The results page of an A/B testing tool should provide information about its status (if there are already enough visits to determine a winner) and different graphs about the conversion rates of the original version and the variants you have created.
How long should an A/B test be running? It depends on its complexity (the more variants, the more complex) and the number of visitors viewing the test (the more visitors, the sooner you will get reliable data on the results).

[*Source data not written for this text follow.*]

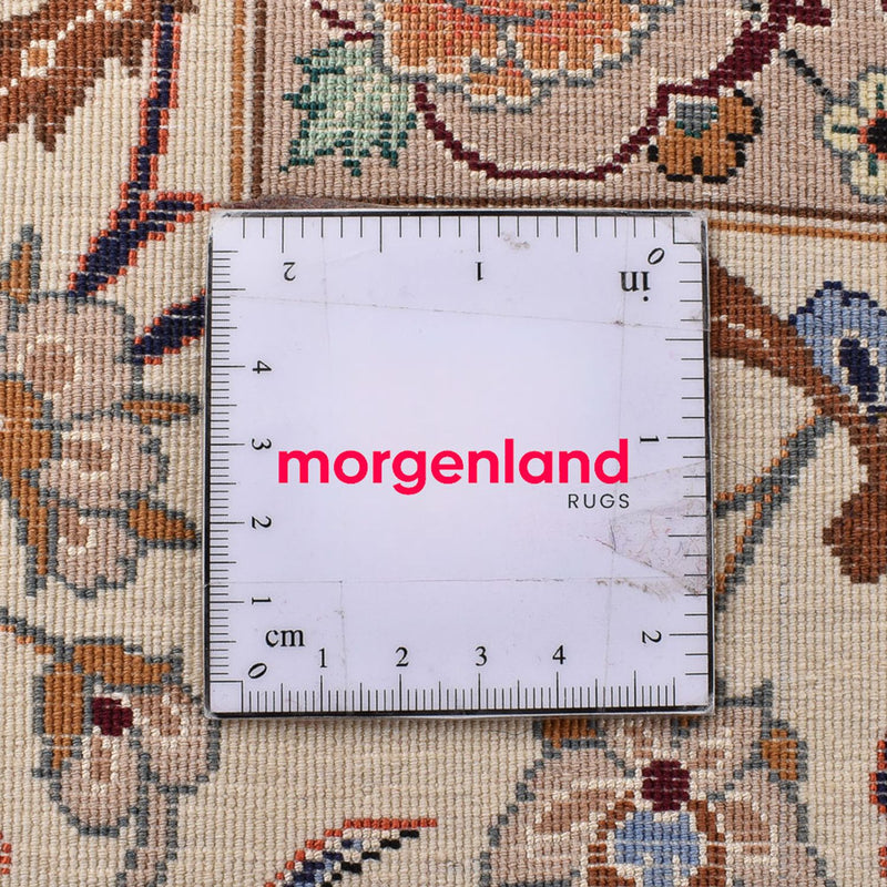 Esta alfombra persa - Isfahan - Premium lleva el lujo a su hogar. Esta alfombra está hecha 100% de seda y pertenece al nivel 4 de máxima calidad. Su densidad de nudos de aproximadamente 890.000 a 1.000.000 de nudos por metro cuadrado promete la mejor calidad y durabilidad. Las alfombras de Isfahan deben considerarse una artesanía exquisita. Isfahan es probablemente la ciudad más bella del Islam y esta alfombra es una parte importante de ella. Artísticos medallones, zonas con jarrones, pájaros o animales salvajes adornan la alfombra de Isfahan y la convierten en una de las más populares y, al mismo tiempo, en la alfombra persa de mayor calidad por su atención a los detalles, su alta densidad de nudos y su brillo sedoso. Los materiales de alta calidad son una cuestión de tradición. Por eso suele tener una urdimbre de seda. Incluso hoy, muchas alfombras de Isfahan tienen marcas anudadas en el borde. Puedes mirar una alfombra como ésta durante horas y olvidarte del tiempo, una experiencia que no se puede capturar en una foto.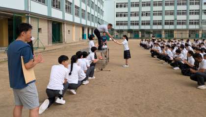書道部と少林寺拳法競技の部において、校長先生より表彰していただきました。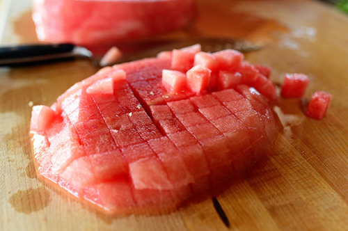 Основная неприятность при поедании арбузов — косточки и корка. И в случае если от косточек избавиться сложно, то от корки — несложнее несложного. Исходя по этому вот вам американский метод красиво порезать арбуз без корки. Арбуз режется пополам. Половинку арбуза кладём на разделочную доску мякотью вниз. Сейчас ножом бережно срезаем вершину. И срезаем по кругу корку и белую мякоть. У вас обязана остаться лишь красная мякоть арбуза. Мякоть режется сперва слоями, а после этого вдоль и поперек. Получаются аккуратные кубики арбуза, каковые можно имеется вилкой.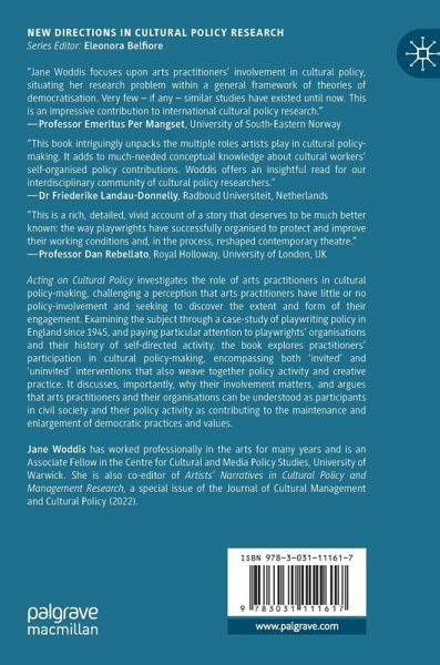 This book investigates the role of arts practitioners in cultural policy-making, challenging the perception that arts practitioners have little or no involvement in policy and seeking to discover the extent and form of their engagement. Examining the subject through a case-study of playwriting policy in England since 1945, and paying particular attention to playwrights' organisations and their history of self-directed activity, the book explores practitioners' participation in cultural policy-making, encompassing both "invited" and "uninvited" interventions that also weave together policy activity and creative practice. It discusses why their involvement matters, and argues that arts practitioners and their organisations can be understood as participants in civil society whose policy activity contributes to the maintenance and enlargement of democratic practices and values.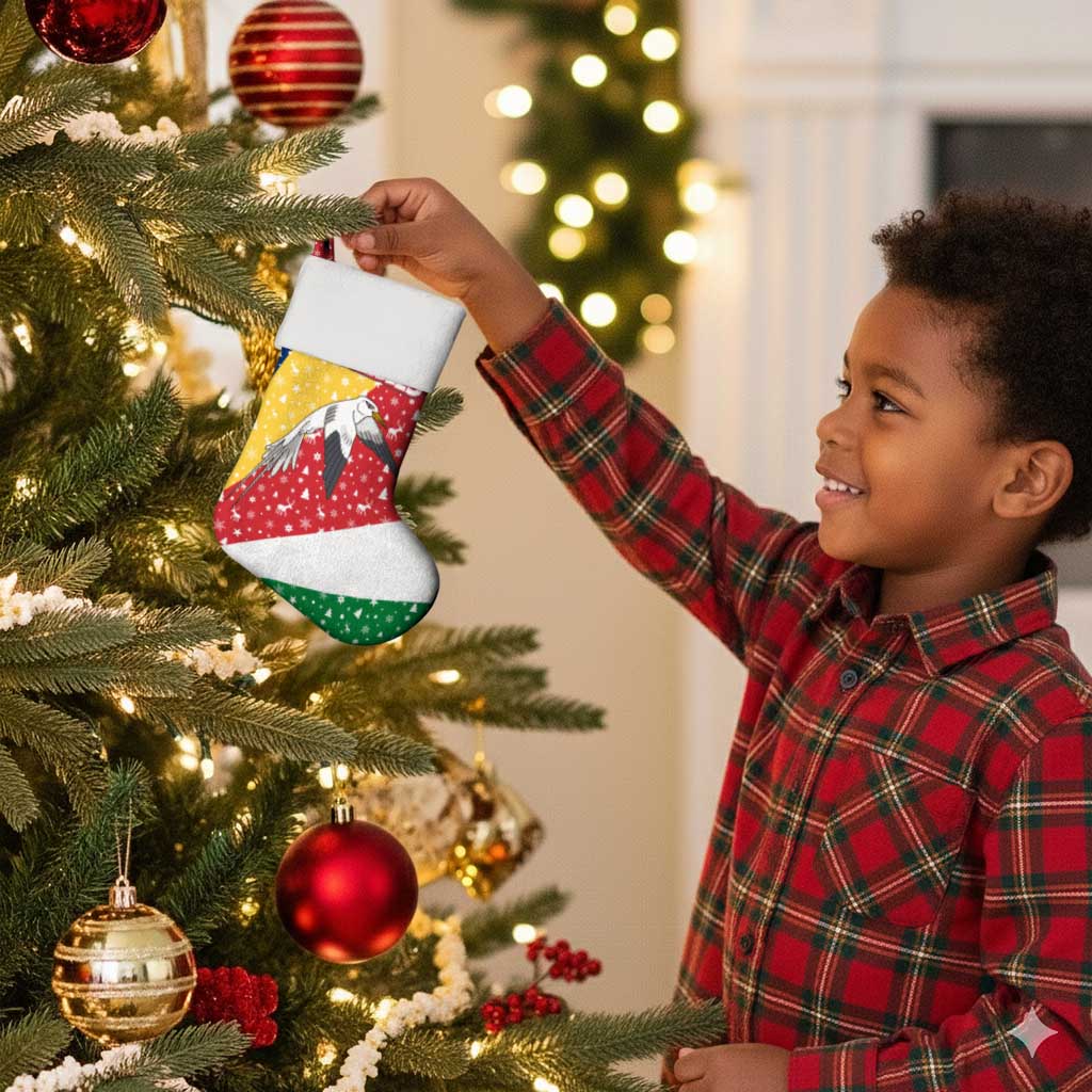 Seychelles Christmas Stocking Flag Colors Tropical Bird Motif and National Coat of Arms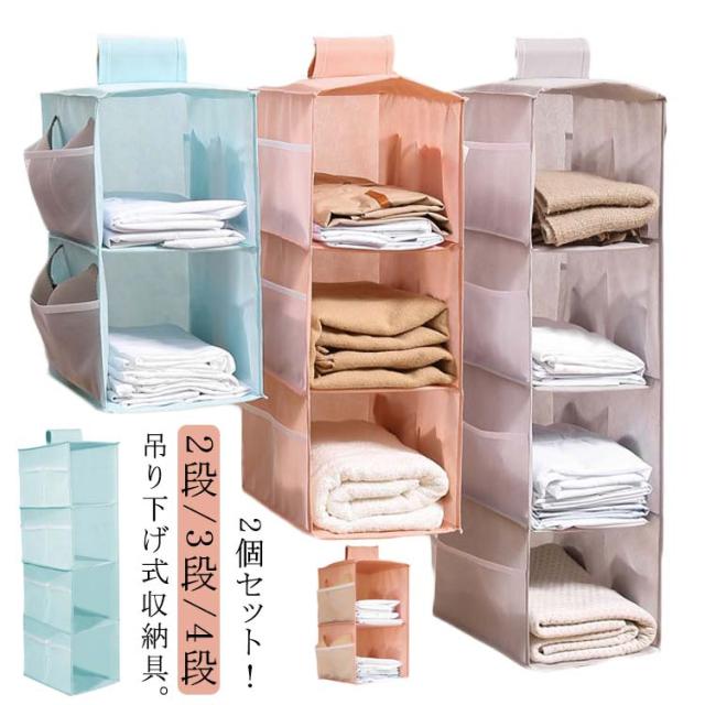 2個セット 吊り下げ収納 クローゼット 衣類収納 折りたたみ 下着 小物 タオル 吊り下げ式 収納 ラック 2段 3段 4段 ランドリー ポケット付き 吊下 コンパクト 薄型 サイドポケット 洗える ハンカチ 帽子 ランドセル入れ おもちゃ 洗面所 脱衣所 送料無料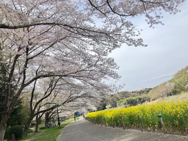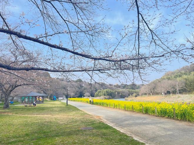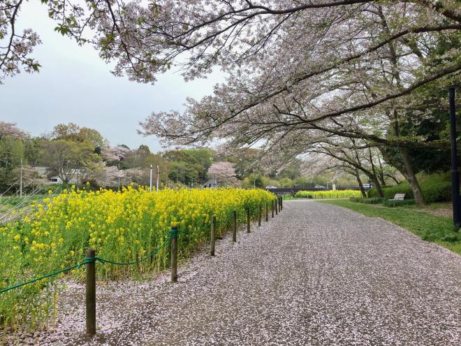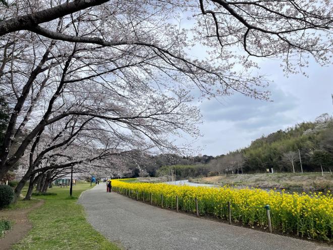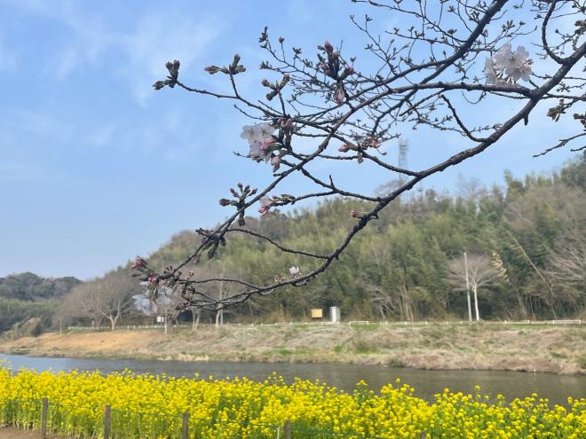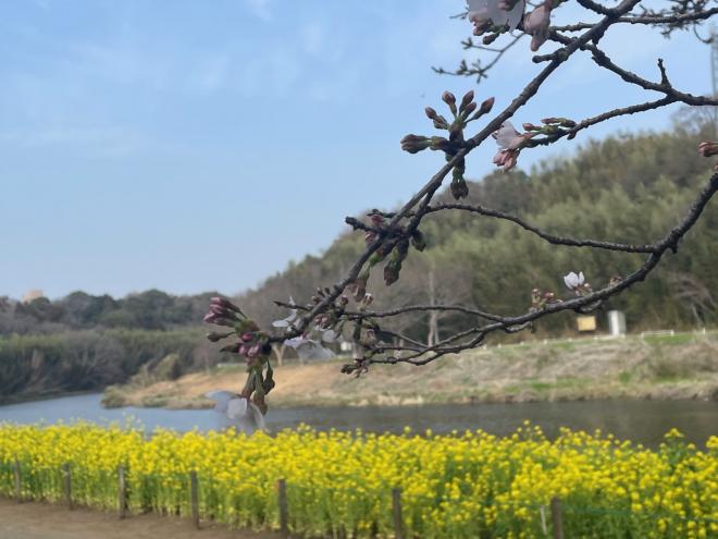開花が進み見ごろとなりました。雨の日が続いていますが、菜の花と桜を合わせてお楽しみください。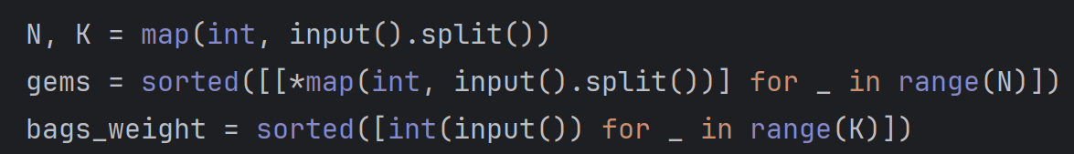 첫째 줄에 N과 K가 주어진다. (1 ≤ N, K ≤ 300,000) 다음 N개 줄에는 각 보석의 정보 Mi와 Vi가 주어진다. (0 ≤ Mi, Vi ≤ 1,000,000) 다음 K개 줄에는 가방에 담을 수 있는 최대 무게 Ci가 주어진다. (1 ≤ Ci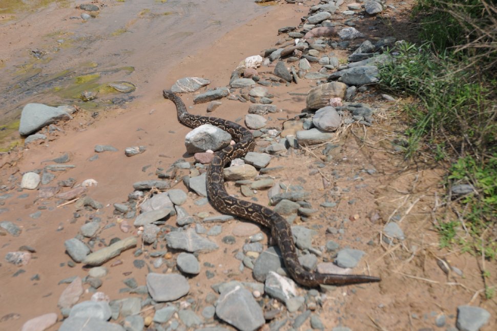 DE UNA BOLSA AL ARROYO. La lampalagua fue dejada cuidadosamente en el suelo y se escondió entre los arbustos. DE UNA BOLSA AL ARROYO. La lampalagua fue dejada cuidadosamente en el suelo y se escondió entre los arbustos.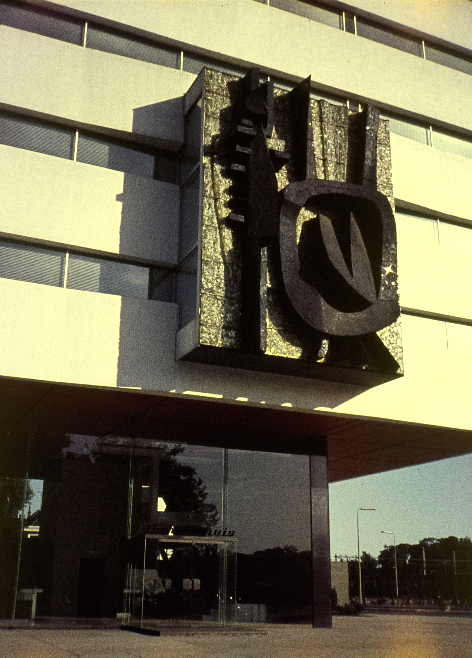 - Beeld van Joop van den Broek aan de gevel boven de ingang van het Tomadohuis op de Stationsweg, hoek Burgemeester de Raadtsingel.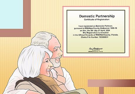 Consider the benefits. There are a variety of benefits of having a domestic partnership over a marriage. There are also benefits to having a domestic partnership instead of just living together. Some of these include: The ability to retain separate property to pass to your pre-existing descendents The ability to visit in hospitals if necessary The ability to inherit in some situations The ability to make decisions as the “next of kin” as necessary The ability to take advantage of employee benefits earned by your partner in many cases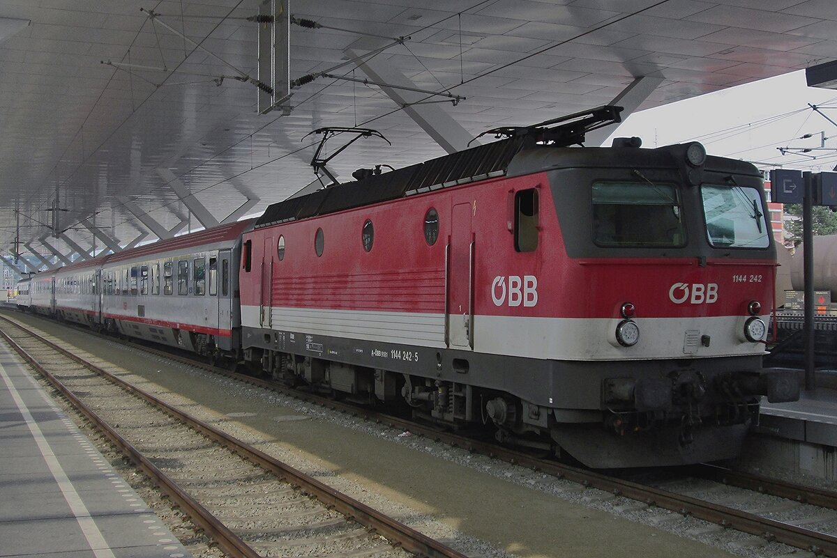 Am 3 Juni 2015 treft 1144 242 mit ein ÖBBIC aus Linz in Salzburg Hbf ein.
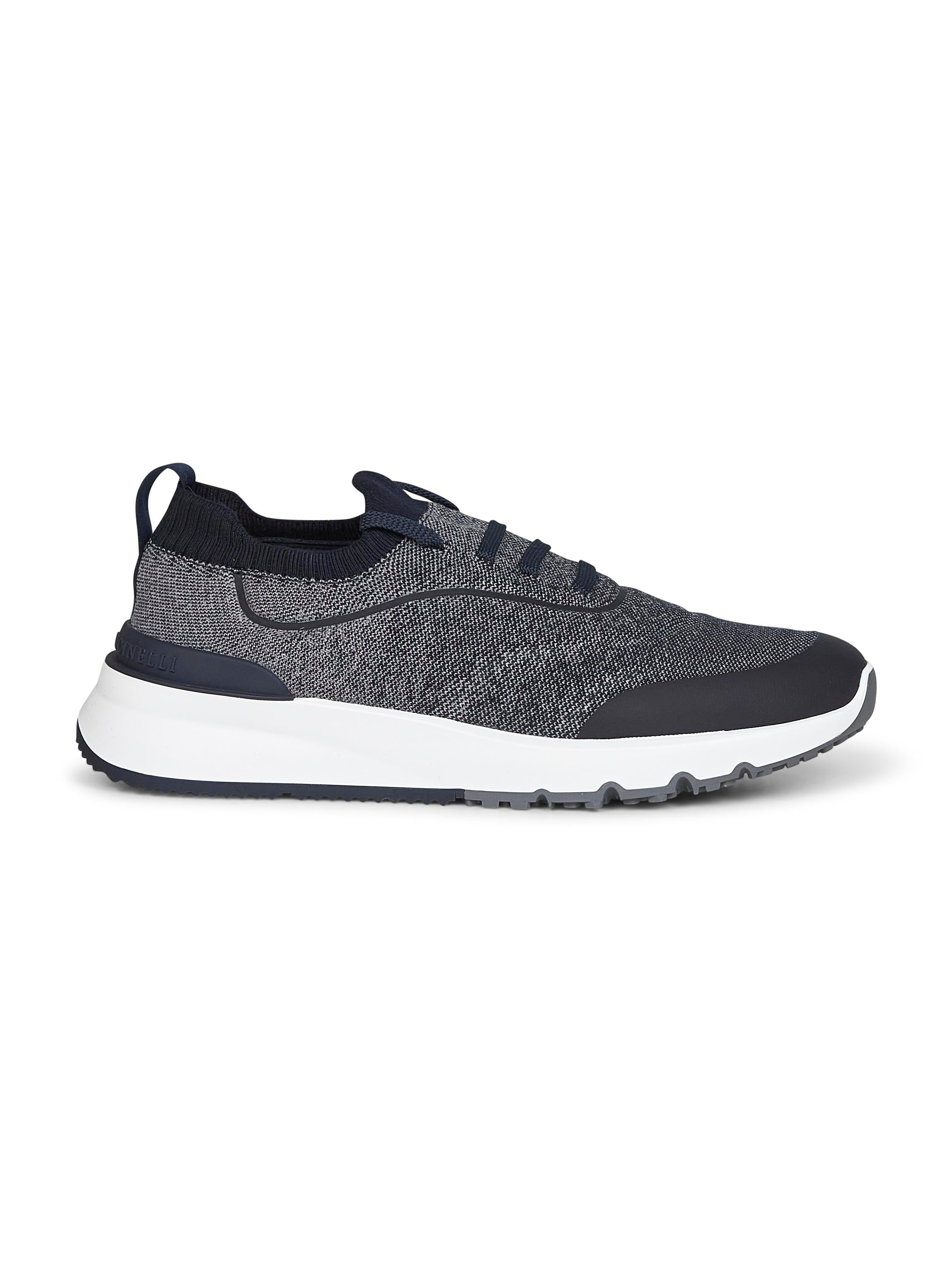 - Slip-on; adjustable flat cotton laces - Sock-style ribbed knit insert at ankle; grosgrain pull-tab at back - Techno stretch cotton knit upper with heat-taped trims - Rubber insert at back with embossed brunello cucinelli lettering - Fabric lining - Detachable insole - Tpu rubber sole - Blue color - 100% cotton - Made in italy Natural (Veg): Cotton100 % Made in: ITALIA Season: A25 MZUEHRO342-CDY87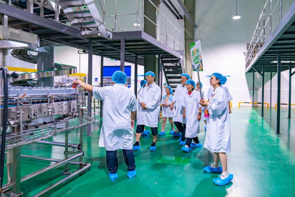 在生產(chǎn)車間,各類先進生產(chǎn)線有序運轉,展現(xiàn)出現(xiàn)代化飲品生產(chǎn)的嚴謹與高效。工作人員詳細介紹了“潤家”飲料從原料生產(chǎn)、運輸,到配方研發(fā)、灌裝生產(chǎn)的全流程品控環(huán)節(jié)。從優(yōu)質原料的嚴格篩選,到運輸過程中的保鮮措施,再到配方研發(fā)時對健康元素的精準把控,以及超高溫滅菌黑科技、全程無菌灌裝、多道質檢程序,每一個細節(jié)都體現(xiàn)著對飲品品質的極致追求。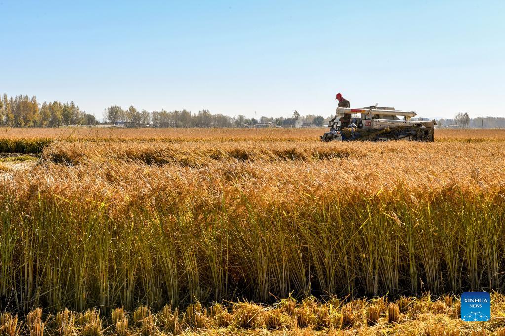 Photo taken on Oct. 12, 2021 shows a farmer operating a rice harvester in Wanchang Town of Yongji County in Jilin City, northeast China's Jilin Province. (Xinhua/Zhang Nan)

If you stop a test too soon you may not get a meaningful result, while keeping a test running for too long can cause you to lose conversions and sales due to a poorly performing test variant, as well as missing the opportunity to create new tests that can get you even better results. Our tests usually last between two and four weeks, but if you have a website with much more traffic, with less time you can achieve great results.
At The End Of An A/B Test
A test can be terminated for several reasons: there is a winning variant and the results are statistically significant, the original version is the winner and the results are also statistically significant, or you simply decide to end the test because it has already been running for too long without obtaining results that indicate a clear winner.
If there is a winning variant, congratulations! Now you just need to tell the A/B testing tool to apply the winning version as the final and only version that all your visitors should see from now on.
But it can also happen that the results obtained are not as expected. In this case, the test helped you understand that your hypothesis was incorrect. The A/B test help us validate our expectations and guided us towards the best solution possible.
Optimizing conversion on our website is a recurring process of analyzing data, creating hypotheses for improvement, creating tests and drawing conclusions about the results obtained. I strongly recommend that you take a look at the different tests that we are creating on our website and the results that we obtain. I’m sure they will help you to quickly understand what the conversion optimization process of a website consists of.